Преступники сильно отличались от полноценных людей. Я даже не сразу определил их пол и возраст. Громко зачитали приказ, затем вышибли скамью у них из-под ног, и почти сразу все было кончено.
— Неприятное впечатление, — обратился я к унтер-офицеру Кроллю. — А с первого взгляда Харьков показался мне красивым и приветливым городом.
Кролль был очень бледен.
— Наверное, танки уже готовы, господин лейтенант. Когда отправляемся?
— В полдень, — ответил я.
И в самом деле. Скорей бы уж фронт.
2. Весенний забег
— Вот бы нам сейчас во Францию! — мечтательно произносит Кролль.

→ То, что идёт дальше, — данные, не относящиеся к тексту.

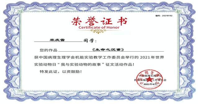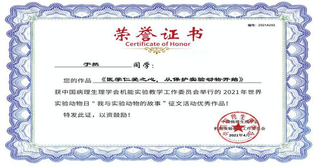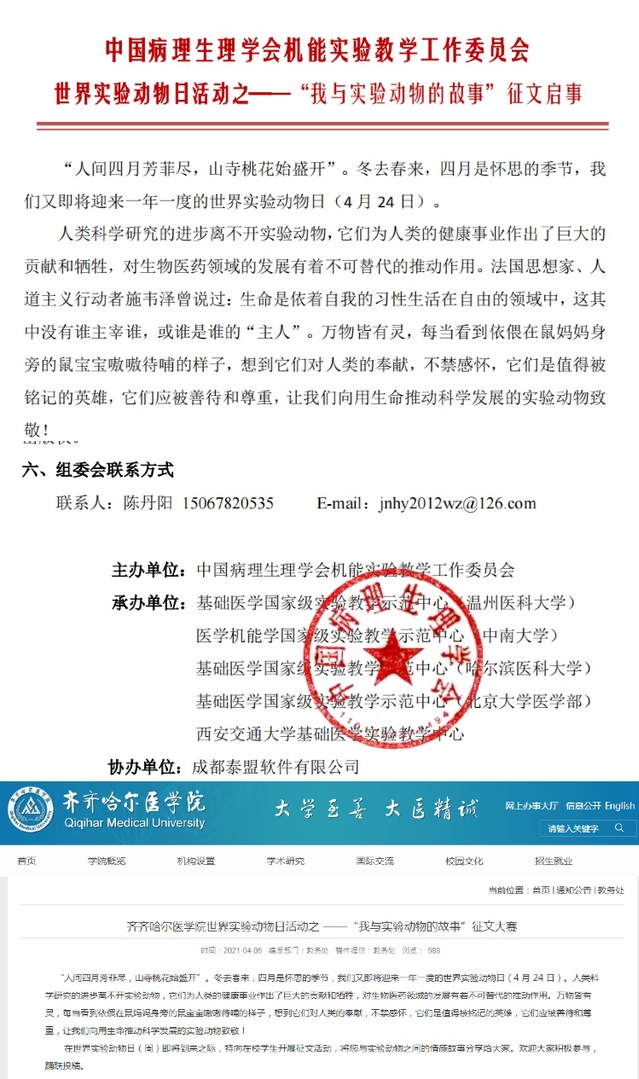 中国病理生理学会机能实验教学工作委员会在世界实验动物日(周)面向全国各高校在读本/专科学生开展征文活动,我校5名学生获奖,其中3名学生获得优秀作品征文。

Во главе колонны из десяти танков и шести грузовиков, сопровождаемые ротой мотоциклистов, мы движемся по пыльной дороге от Харькова к Триполью на соединение со Вторым танковым полком.
На самом деле Кролль просто болтает. Сомневаюсь, чтобы в этой рыжей голове держалась хотя бы одна серьезная мысль. Для этого она слишком молодая, слишком рыжая, слишком саксонская. Я отдыхаю душой, когда позволяю Кроллю трепаться, или с умудренным видом рассуждаю с ним о жизни, о войне и о танковых войсках.
— Какая чушь! — обрываю я Кролля. — Зачем тебе понадобилась Франция?
Он слегка краснеет.
Я не позволяю ему ответить:
— Ты там хоть был? Или только на картинках смотрел?
— А ребята говорят… — начинает было Кролль.
— Твои ребята там тоже не были, в отличие от меня, — я сердито фыркаю. У Кролля смешное, растерянное лицо. — Поверь старому солдату, нет там ничего хорошего. Нечего там делать полноценному человеку, мужчине.
Неожиданно на меня наваливаются воспоминания, которые до сих пор не утратили своей остроты. Я все еще раздражаюсь, когда думаю о Франции.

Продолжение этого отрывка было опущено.